Bruce Barber

Whatipu Beach Performance (1973)

8 min 42 secSingle channel / transferred to Digital Video / 8mm / Colour / Sound

A film made from a performance on Wednesday 25 April, 1973, 1.00 p.m.

The quote and instructional information below are both taken from new art (1976), edited by Jim Allen and Wystan Curnow.

"I believe that I am working towards a position where paradoxically... in the act of overloading or the deprivation of sensory (physical) and intellectual experience, I am thereby enlarging my own and others capacity for sensory and intellectual stimulation... Although I may use the words 'performer' and 'audience' in reference to my work, I prefer to see these terms (because of their attendant traditions) exchanged for a notion of 'active' and passive' participation. Both performer and audience, to be considered participants, must co-exist within a given space."

Artist's statement

MATERIALS

  • two walkie-talkie transmitter/receivers

  • two megaphones

  • one tape recorder with three-minute loop tape

  • one super 8 camera

PERSONAE

  • one walkie-talkie receiver/carrier

  • two megaphone operators

  • blind-master (blindfolded for the duration of the performance) and his assistant

  • camera men still and movie (to be considered as active elements of the performance).

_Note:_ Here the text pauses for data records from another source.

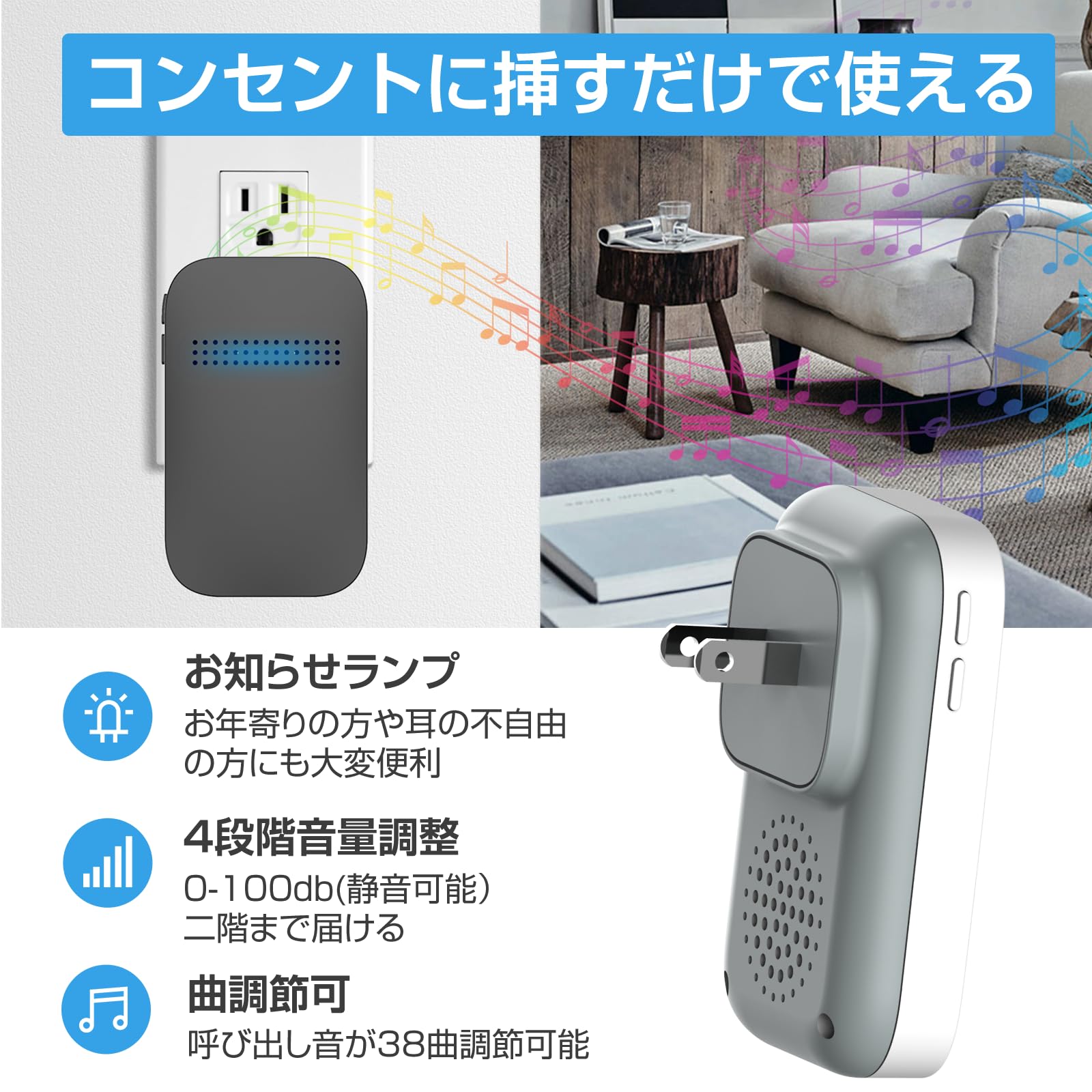 【38曲4段階音量調節可能のワイヤレスチャイム】このチャイムの発信機を押すと、受信機が音を立てながら青いライトが点滅してお知らせします。さらに38種類の曲と0-100DBの4段音量を調整することができます。使用したい場所やお好みに合わせてご使用ください。【電池不要&取付簡単】自動発電式の送信機は電池不要で、ボタンを押したときに電力を発生させて動作します。このため、電池式送信機のように電池交換の必要がなく、突然動かなくなったときの心配もありません。また、ネジと両面テープが付属しており、配線不要で簡単に取り付けることができます。【増設自由&送信機によって音色が違います】1台受信機は5台までの送信機を増設することができます。送信機も複数の受信機に対応することもできます。さらに、送信機ごとにメロディーを変更することができます。【IP54防水防塵仕様】この玄関チャイムの送信機はIP54防水防塵内部構造を採用しており、中に水が入ってもちゃんと動きます。玄関や屋外、浴室など非常に水濡れしやすい場所でも使用できます。メンテナンスや交換頻度が低く、長時間使用するチャイムとしてとても信頼できます。【150M範囲&安定受信】このドアチャイムは高感度の受信機と送信機を使用して、壁を通して安定的に利用することができます。屋内での使用はもちろん、2階建てでの使用も可能です。 また、送信機は大きな音を出すので、耳が悪い人でもすぐに気づくことができます。来客時の玄関チャイム、介護や御店での連絡や呼び出しに様々な場所にご利用できとして大活躍です。【メーカーより1年間の保証】何か不備な点がある場合は、ご遠慮無くお問い合わせください。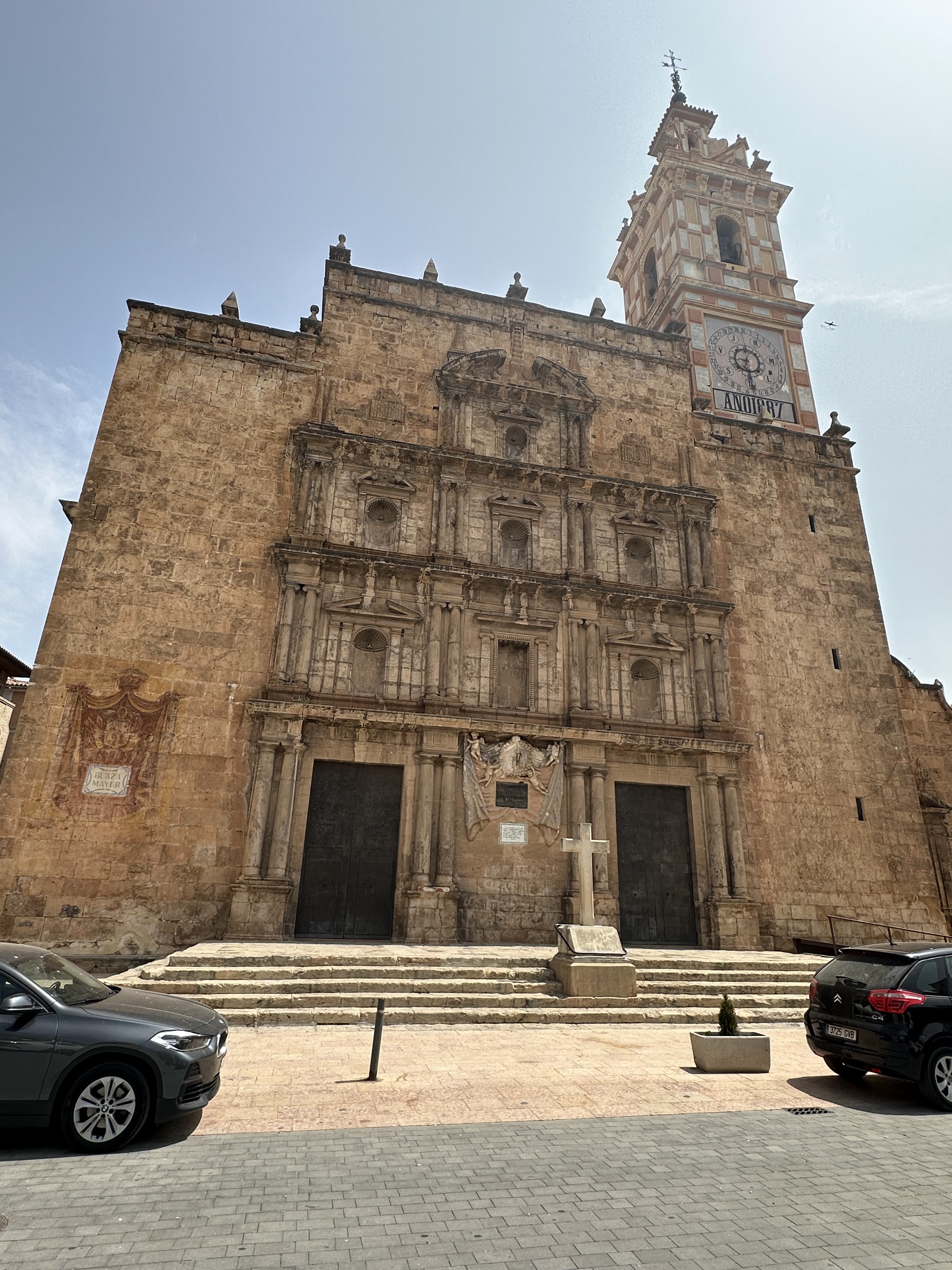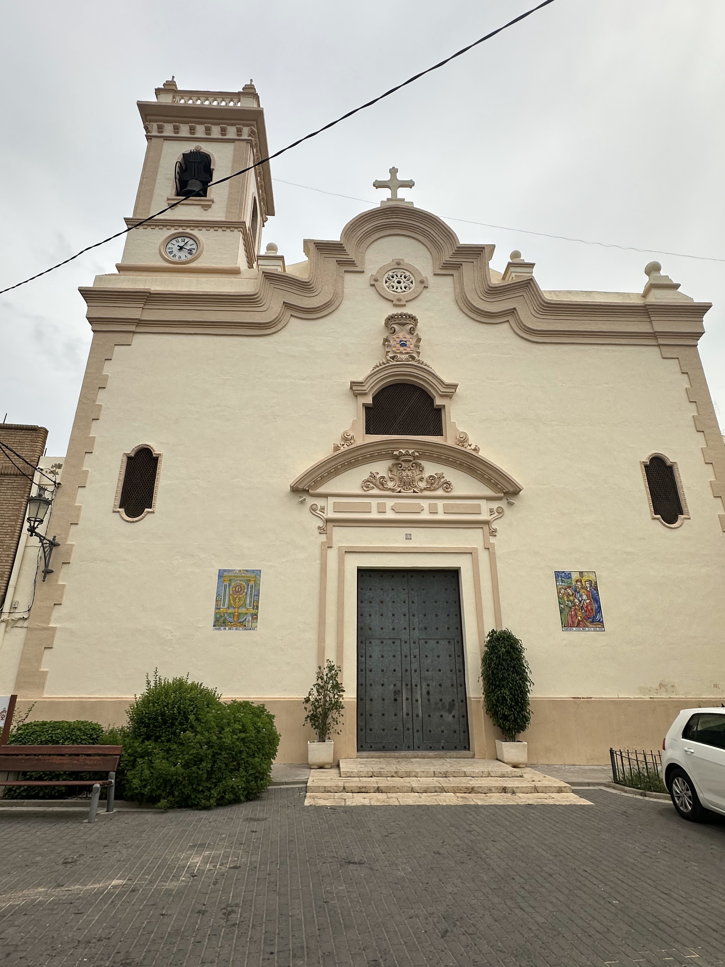 Se atribuye a Juan Bautista Pérez Castiel la exuberante decoración barroca interior, la gran cúpula de media naranja y el campanario considerado el primero del Barroco Valenciano. Con casi 60m. de altura, esta torre culmina con un original reloj, de propiedad municipal que señala las horas, días de la semana y el mes.»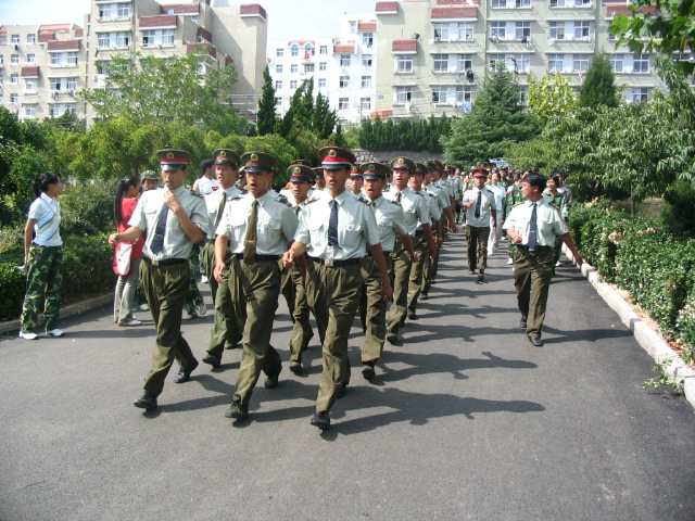 唱着嘹亮的军歌,教官终于出现在我们等待的视线里。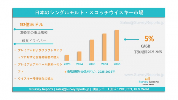 Survey Reports LLCは、2025年12月に調査レポート「日本におけるシングルモルト・スコッチウイスキー市場:タイプ別(ローランド、ハイランド、キャンベルタウン、スペイサイド、アイラ)、用途別(オンライン販売、オフライン販売)―市場分析、動向、機会および予測、2025年〜2035年」を発行したと発表した。本レポートは、日本のシングルモルト・スコッチウイスキー市場の予測評価を提供するものであり、成長要因、市場機会、課題、脅威など、同市場における複数の主要な市場ダイナミクスを明らかにしている。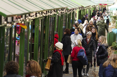 12月7日,人們在美國紐約時(shí)報(bào)廣場上的一家咖啡店消費(fèi)。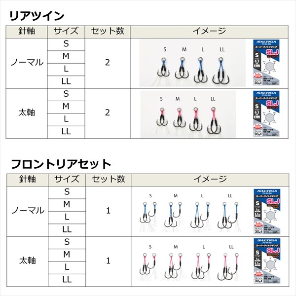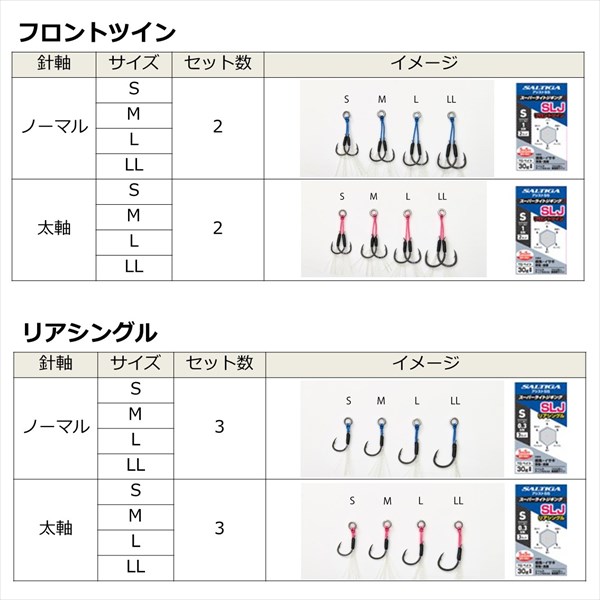 SLJに最適な様々な対象魚にマッチしたアシストフック。ソルティガアシストSSシリーズにSLJタイプが追加。様々な対象魚を狙うSLJ。狙う魚や場所によってフックサイズや本数を変えることもあるため、「フロントツイン」「リアシングル」「リアツイン」など合計32アイテムで、どんなシチュエーションにも対応できるラインアップを用意。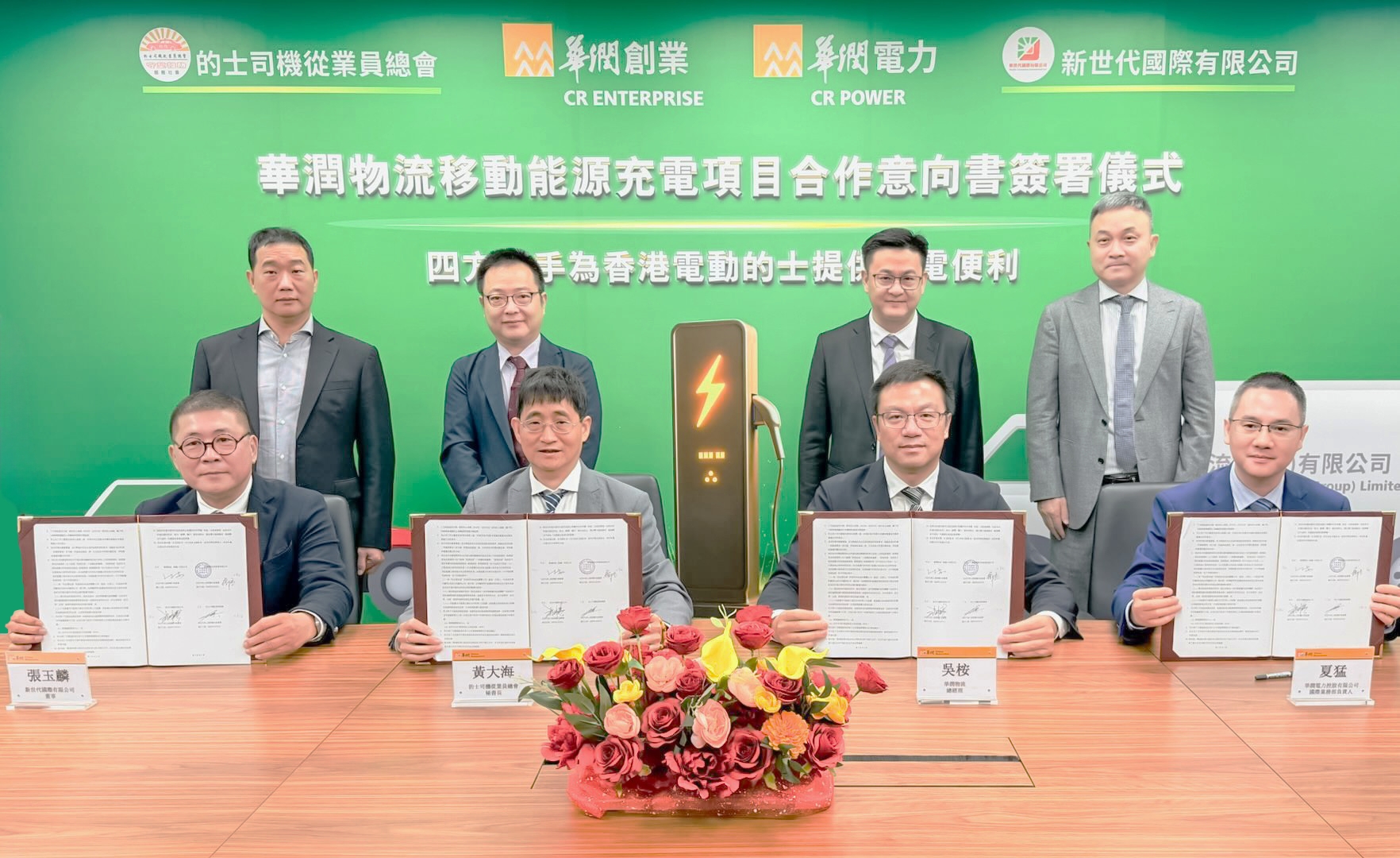 12月5日,华润物流与华润电力、的士司机从业员总会、新世代国际有限公司在香港签定充电业务合作意向。华润创业副总裁褚卓伦、华润电力副总裁马力、的士司机从业员总会秘书长黄大海、新世代国际有限公司董事张玉麟等出席活动。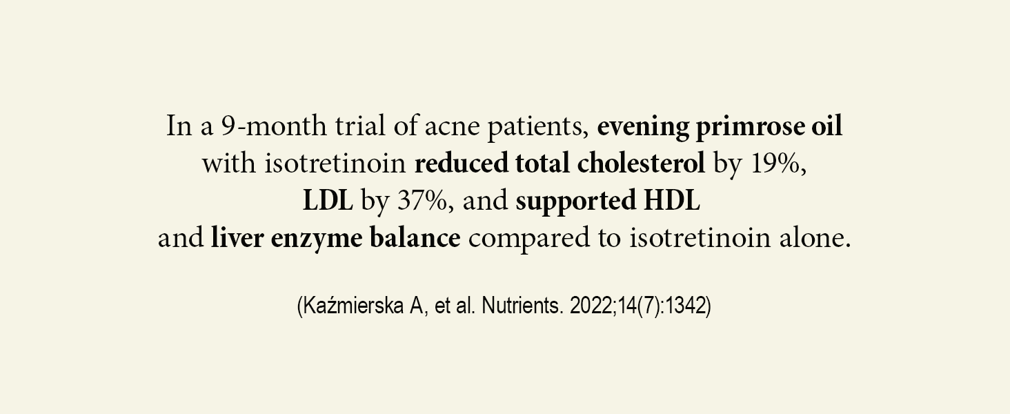 Primrose Oil balances hormones and regulates oil production, preventing excess shine and clogged pores that lead to acne.

PROCEDURAL NOTES AND DESCRIPTION OF ROLES

Walkie-talkie transmitter B1 receives information directly from a three minute loop tape giving a list of technical data, read in typical BBC news-reading fashion (RP), pertaining to loop tape length, width, speed etc. The information received is then directed diagonally across a space of approximately two hundred meters to walkie-takie receiver who moves towards B1 in a slow deliberate fashion.

Megaphonist A1 interprets verbally and in short descriptive phrases his responses to his immediate environs and relays them across a two hundred meter distance to megaphonist A2 who echoes the information using if possible the same intonation in voice. The blind-master and his assistant move freely throughout performance area recording sounds at will. A sound would provide the stimulus or cue toward  which the blind-master would move.

The cameramen (movie and still) move as freely as possible through the performance area recording visual stimuli at will.  The performance ends when both A2 and B2 have reached their respective partners A1 and B1. The whole to be as freely articulated as possible.